3.1. HLL Method for the First Stage

For the system of equations (4), the conservative vector \({\mathbf{q}} = {{({{\bar {\rho }}_{1}},{{\bar {\rho }}_{1}}{{u}_{1}},{{\bar {\rho }}_{1}}E,{{\bar {\rho }}_{2}},{{\bar {\rho }}_{2}}{{u}_{2}})}^{T}}\), the flow vector \({\mathbf{f}} = ({{\bar {\rho }}_{1}}{{u}_{1}}\), \({{\bar {\rho }}_{1}}u_{1}^{2} + {{p}_{1}}\), \({{\bar {\rho }}_{1}}{{H}_{1}}\), \({{\bar {\rho }}_{2}}{{u}_{2}}\), \({{\bar {\rho }}_{2}}u_{2}^{2} + \pi {{)}^{T}}\) and \({{H}_{1}} = {{E}_{1}} + {{p}_{1}}{\text{/}}{{\bar {\rho }}_{1}}\), then the Riemann problem for it is formulated as follows:

$$\begin{gathered} \frac{{\partial {\mathbf{q}}}}{{\partial t}} + \frac{{\partial {\mathbf{f}}}}{{\partial x}} = 0,\quad x \in ( - \infty , + \infty ),\quad t \geqslant {\text{0}}{\text{,}} \\ {\mathbf{q}}(0,x) = \left\{ {\begin{array}{*{20}{l}} {{{{\mathbf{q}}}_{L}},\quad x \leqslant 0,} \\ {{{{\mathbf{q}}}_{R}},\quad x > 0.} \end{array}{\text{ }}} \right. \\ \end{gathered} $$
(4)

An approximate solution to the HLL-type Riemann problem is constructed under the following assumptions.
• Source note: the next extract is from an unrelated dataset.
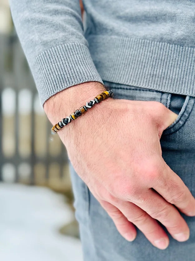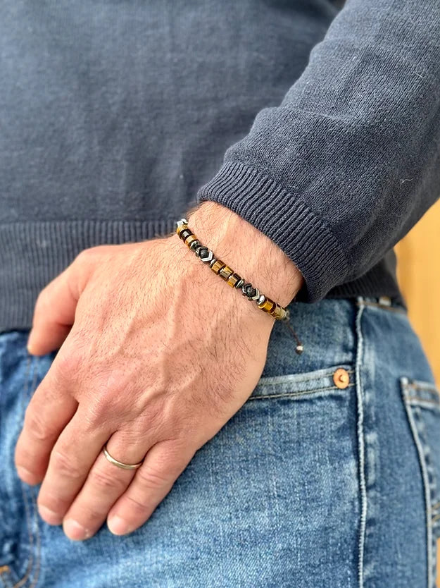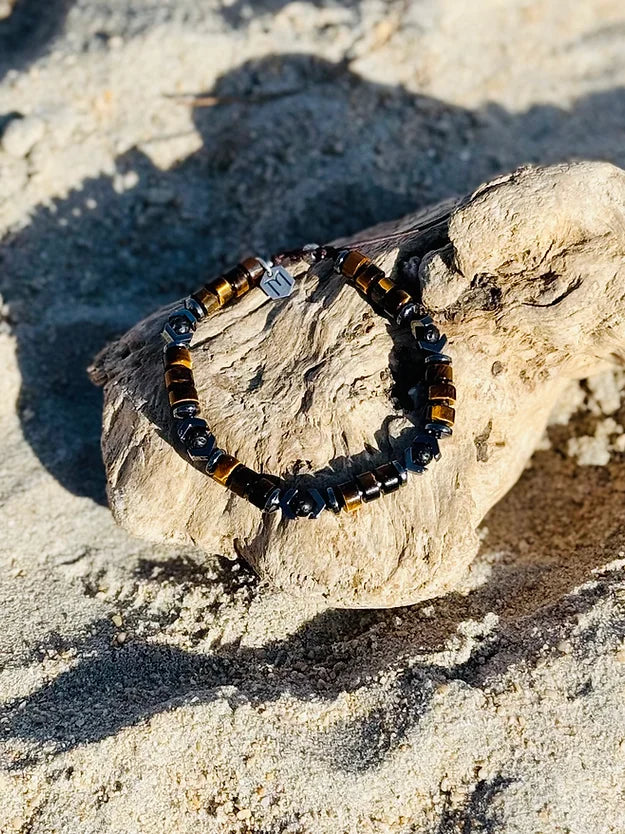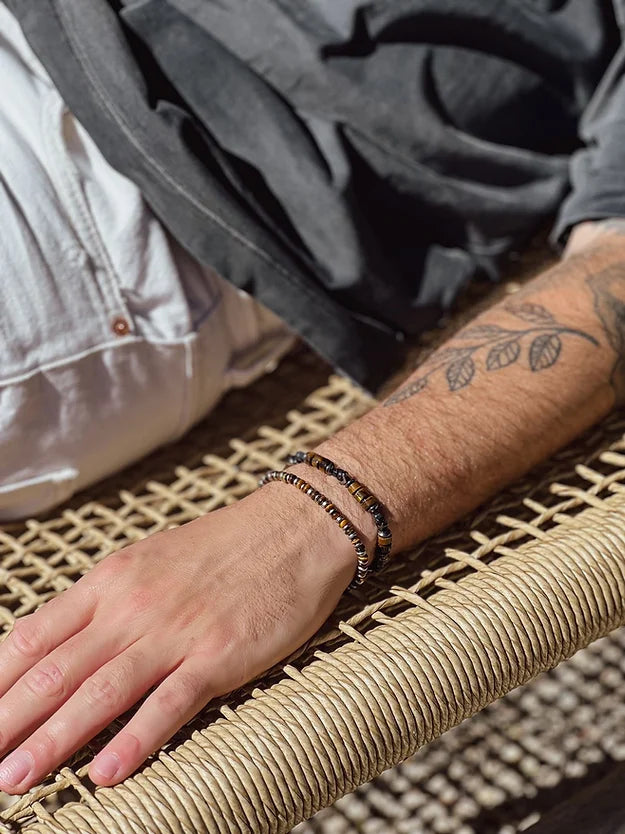 Le bracelet Stevie est d'inspiration ethnique, ses reliefs uniques mêlent le mat et le brut, associés à l'œil de tigre pour un résultat audacieux !

As a result of the decay of the initial discontinuity, a disturbed region bounded by waves \({{s}_{L}}\) and \({{s}_{R}}\) is formed. The disturbed region is characterized by a constant conservative vector \({\mathbf{q}}{\kern 1pt} ^*\) and flow vector \({\mathbf{f}}{\kern 1pt} ^*\). They are found from the condition of satisfying the weak form of differential equations, \(\int_\gamma {({\mathbf{q}}dx - {\mathbf{f}}dt)} \) = 0, for any closed loop γ. For this, it is sufficient to require that the Rankine–Hugoniot conditions be satisfied on the waves \({{s}_{L}}\) and \({{s}_{R}}\), which leads to the relations

$${\mathbf{q}}^* = \frac{{{{s}_{R}}{{{\mathbf{q}}}_{R}} - {{s}_{L}}{{{\mathbf{q}}}_{L}} + {{{\mathbf{f}}}_{L}} - {{{\mathbf{f}}}_{R}}}}{{{{s}_{R}} - {{s}_{L}}}},\quad {\mathbf{f}}^* = \frac{{{{s}_{R}}{{{\mathbf{f}}}_{L}} - {{s}_{L}}{{{\mathbf{f}}}_{R}} + {{s}_{L}}{{s}_{R}}({{{\mathbf{q}}}_{R}} - {{{\mathbf{q}}}_{L}})}}{{{{s}_{R}} - {{s}_{L}}}}.$$
(12)

We estimate the bounding wave velocities \({{s}_{L}}\) and \({{s}_{R}}\) as follows. We use the estimate [12] for the subsystem of gas phase equations (7)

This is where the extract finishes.